The results were in — he did not have COVID-19.
"Huge relief, just huge relief, not even for me," he said, "but just knowing that I wasn't an unknowing carrier or spreader of this to perhaps hundreds of people."
Brosha, a photographer from P.E.I., travels extensively for work and was in Iceland for two weeks at the end of February, then Ottawa, before heading back to the Island.
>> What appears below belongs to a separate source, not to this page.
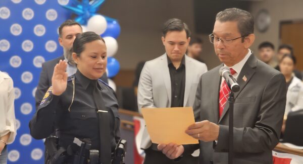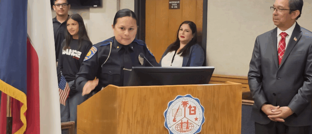 El superintendente del BISD, Dr. Jesús Chavez, tomo el juramento de Anna Gaucin como la primar mujer que se convierte en la nueva jefa del Departamento de Policía del BISD, y dijo en su discurso estar orgulloso de tener una representante con un liderazgo inteligente.

A few days later, the same day P.E.I.'s chief public health officer ordered anyone who had recently travelled internationally to self-isolate for 14 days, Brosha started getting a dry cough and other symptoms of COVID-19.
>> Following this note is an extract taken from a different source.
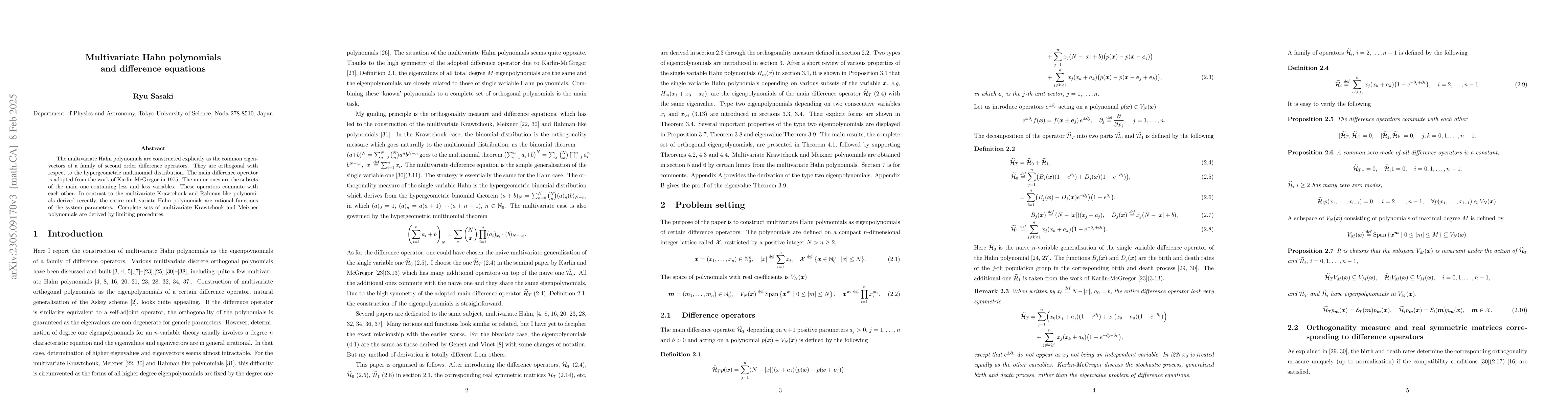 Following the success of the explicit construction of the multivariate Krawtchouk polynomials as the birth and death polynomials, a formulation of multivariate Hahn polynomials is proposed in the same style. The difference equations specified by the birth/death rates have polynomial eigenvectors which form the complete set of orthogonal multivariate Hahn polynomials. Although the degree one eigenpolynomials are easy to derive, the complete hypergeometric expressions are yet to be determined. In a certain limit, these Hahn polynomials reduce to the multivariate Krawtchouk polynomials. The known limiting procedures to the Meixner and Charlier polynomials produce trivial results of the direct products of the single variable polynomials.

Brosha, who is in his 40s, said he immediately began to self-isolate, but couldn't help thinking about the hundreds of people he came in contact with before developing symptoms.
"We all think of it as being this thing that we could get, and we're scared of that," he said.
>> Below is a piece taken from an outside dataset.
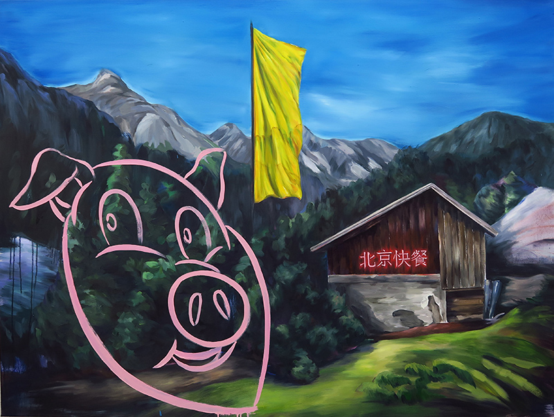 Meine Werke sind als Kritik an unserer aktuellen kapitalistischen Gesellschaft zu verstehen. Ich versuche, Themen wie Massentierhaltung, Umweltverschmutzung und Rechtspopulismus ironisch, übertrieben und zum Teil unverständlich darzustellen. Denn sie sollen auf den Menschen so wirken wie die aktuelle Gesellschaft: keine klare Trennung zwischen Gut und Bose, richtig und falsch. Take Away Welcome thematisiert die Massentierhaltung und verweist als Slogan auf die Schnelllebigkeit der heutigen Konsumgesellschaft und auf die darunter leidenden Tiere. Die grellen Farben und die willkürliche Aneinanderreihung unterschiedlicher Motive assoziieren die Aushängeschilder der Schnellimbisse einer belebten Straße. Inhaltliche Aspekte treffen auf Elemente aus fremdem Kontext, die einen starken Kontrast bilden. Dadurch erscheinen die Bilder häufig wie ein Bild im Bild und wirken wie rätselhafte Spiele zwischen Realität und Fiktion. Das Bild im Bild greife ich als formales Konzept seriell in vielen meiner Arbeiten auf. Als Techniken verwende ich Malerei, Zeichnung, verschiedene Drucktechniken und Collagen.

"But what I think the thing that really weighs on you is, if you start thinking or assuming that you do have it, who have you touched and who could you possibly unknowingly infect? And just really, the weight of that is tremendous."
He reached out to a few of those people, including a friend who had just had a baby. He called 811, and was deemed a candidate for COVID-19 testing.
Then he waited. And waited.
Two days ago he got the good news that he tested negative, but the ordeal has made him want to reach out on social media and share his experience with others to show the seriousness of the pandemic.
"I think it kind of shifts how you think about the whole thing."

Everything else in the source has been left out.